Extracted entries =
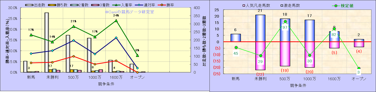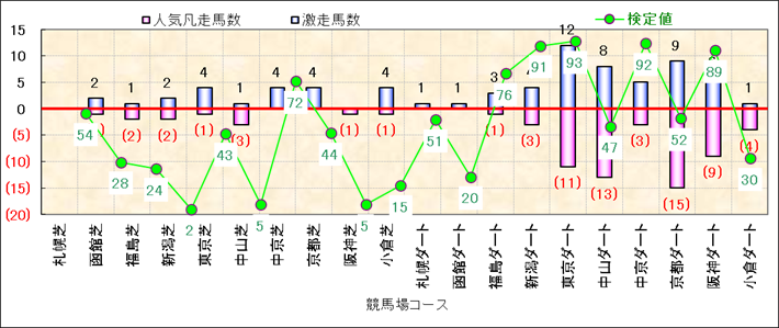 人気凡走馬:1-3番人気で着外、激走馬:5-18番人気で入着 |
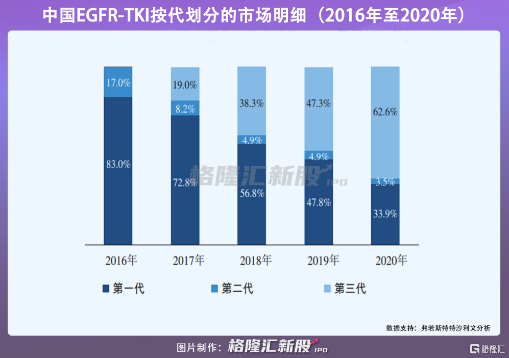 与此同时,第二代和第三代EGFR-TKI药物也均已经出炉,甚至部分进入医保。弗若斯特沙利文数据显示,自2016年到2020年,第一代EGFR-TKI产品市场份额持续下滑,从83%的下降至33.9%,而第三代产品市场从2017年的19%升至2020年的62.6%。
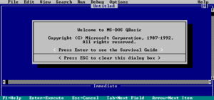 QBasic is an IDE and interpreter for a variant of the BASIC programming language which is based on QuickBASIC. Code entered into the IDE is compiled to an intermediate form, and this intermediate form is immediately interpreted on demand within the IDE.[1] It can run under nearly all versions of DOS and Windows, or through DOSBox/DOSEMU, on Linux and FreeBSD. For its time, QBasic provided a state-of-the-art IDE, including a debugger with features such as on-the-fly expression evaluation and code modification.
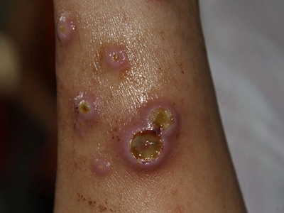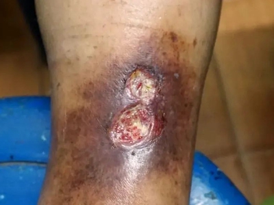 职业性皮肤溃疡在小腿部位出现溃疡时,未及时处理会出现溃疡面化脓的情况,溃疡面呈红色,与黄色脓液掺杂,患者疼痛剧烈。
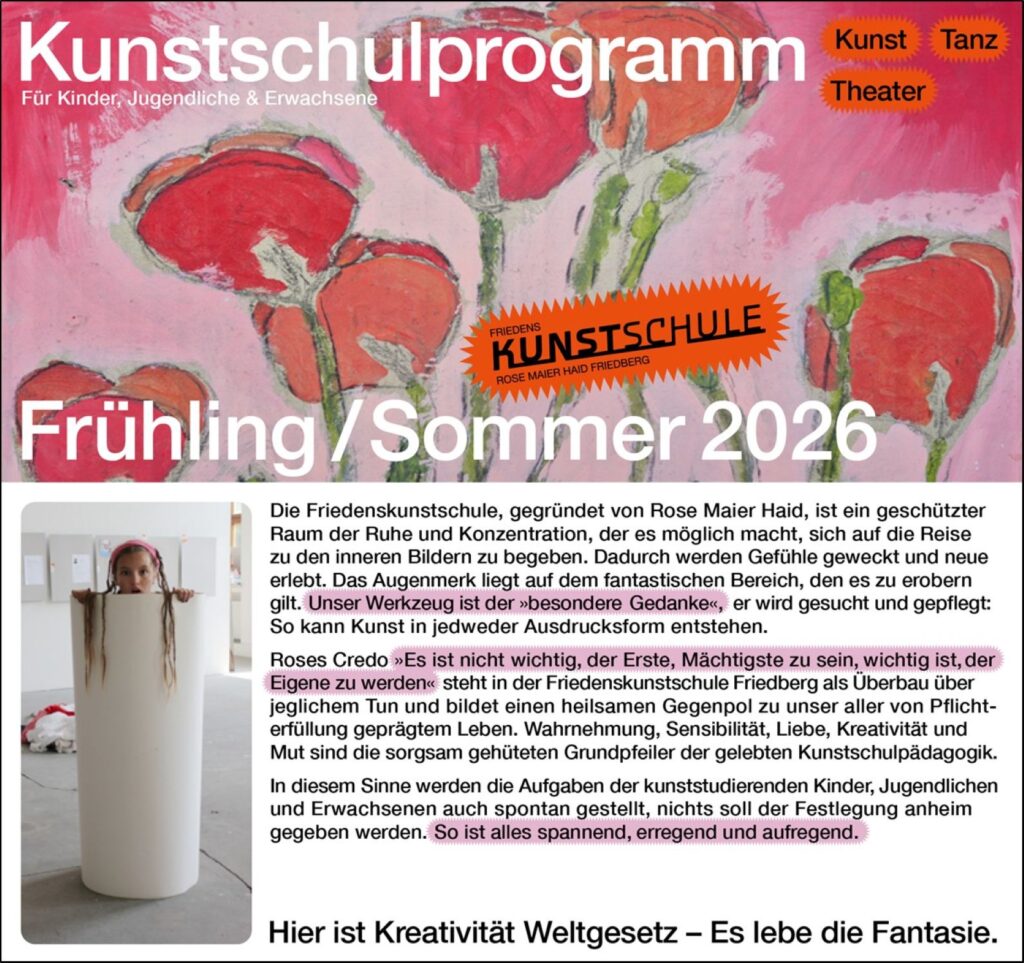 Die Friedenskunstschule, gegründet von Rose Maier Haid, ist ein geschützter Raum der Ruhe und Konzentration, der es möglich macht, sich auf die Reise zu den inneren Bildern zu begeben. Dadurch werden Gefühle geweckt und neue erlebt. Das Augenmerk liegt auf dem fantastischen Bereich, den es zu erobern gilt. Unser Werkzeug ist der »besondere Gedanke«, er wird gesucht und gepflegt: So kann Kunst in jedweder Ausdrucksform entstehen.
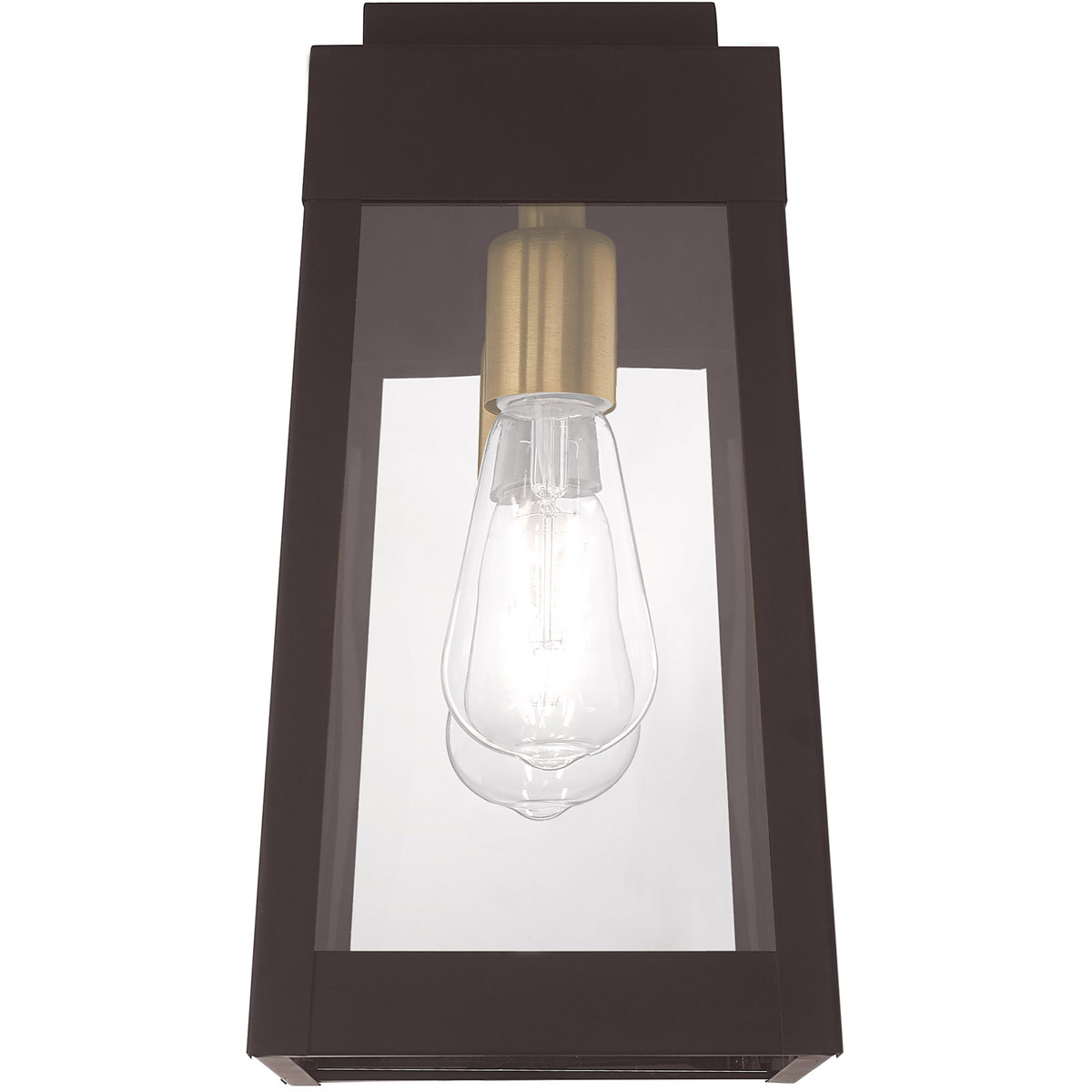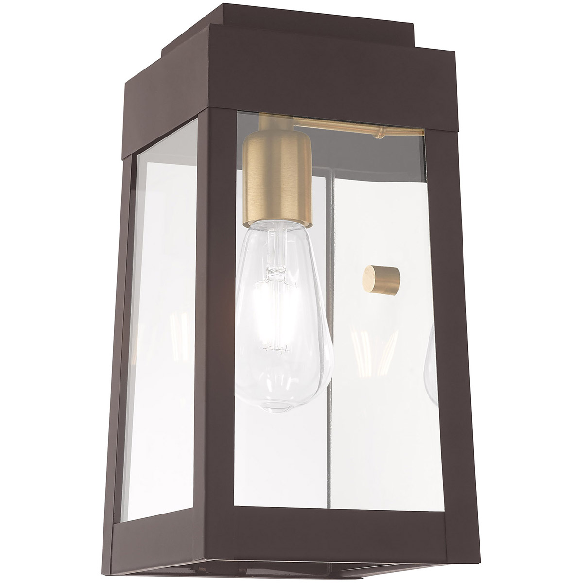 This updated industrial design comes in a tapering solid brass bronze frame with a sleek, straight-lined look and features clear glass panels.

Exercise brief = Please copy the records above word for word, omitting every picture.

Expected answer =
 人気凡走馬:1-3番人気で着外、激走馬:5-18番人気で入着 |
 与此同时,第二代和第三代EGFR-TKI药物也均已经出炉,甚至部分进入医保。弗若斯特沙利文数据显示,自2016年到2020年,第一代EGFR-TKI产品市场份额持续下滑,从83%的下降至33.9%,而第三代产品市场从2017年的19%升至2020年的62.6%。
 QBasic is an IDE and interpreter for a variant of the BASIC programming language which is based on QuickBASIC. Code entered into the IDE is compiled to an intermediate form, and this intermediate form is immediately interpreted on demand within the IDE.[1] It can run under nearly all versions of DOS and Windows, or through DOSBox/DOSEMU, on Linux and FreeBSD. For its time, QBasic provided a state-of-the-art IDE, including a debugger with features such as on-the-fly expression evaluation and code modification.
 职业性皮肤溃疡在小腿部位出现溃疡时,未及时处理会出现溃疡面化脓的情况,溃疡面呈红色,与黄色脓液掺杂,患者疼痛剧烈。
 Die Friedenskunstschule, gegründet von Rose Maier Haid, ist ein geschützter Raum der Ruhe und Konzentration, der es möglich macht, sich auf die Reise zu den inneren Bildern zu begeben. Dadurch werden Gefühle geweckt und neue erlebt. Das Augenmerk liegt auf dem fantastischen Bereich, den es zu erobern gilt. Unser Werkzeug ist der »besondere Gedanke«, er wird gesucht und gepflegt: So kann Kunst in jedweder Ausdrucksform entstehen.
 This updated industrial design comes in a tapering solid brass bronze frame with a sleek, straight-lined look and features clear glass panels.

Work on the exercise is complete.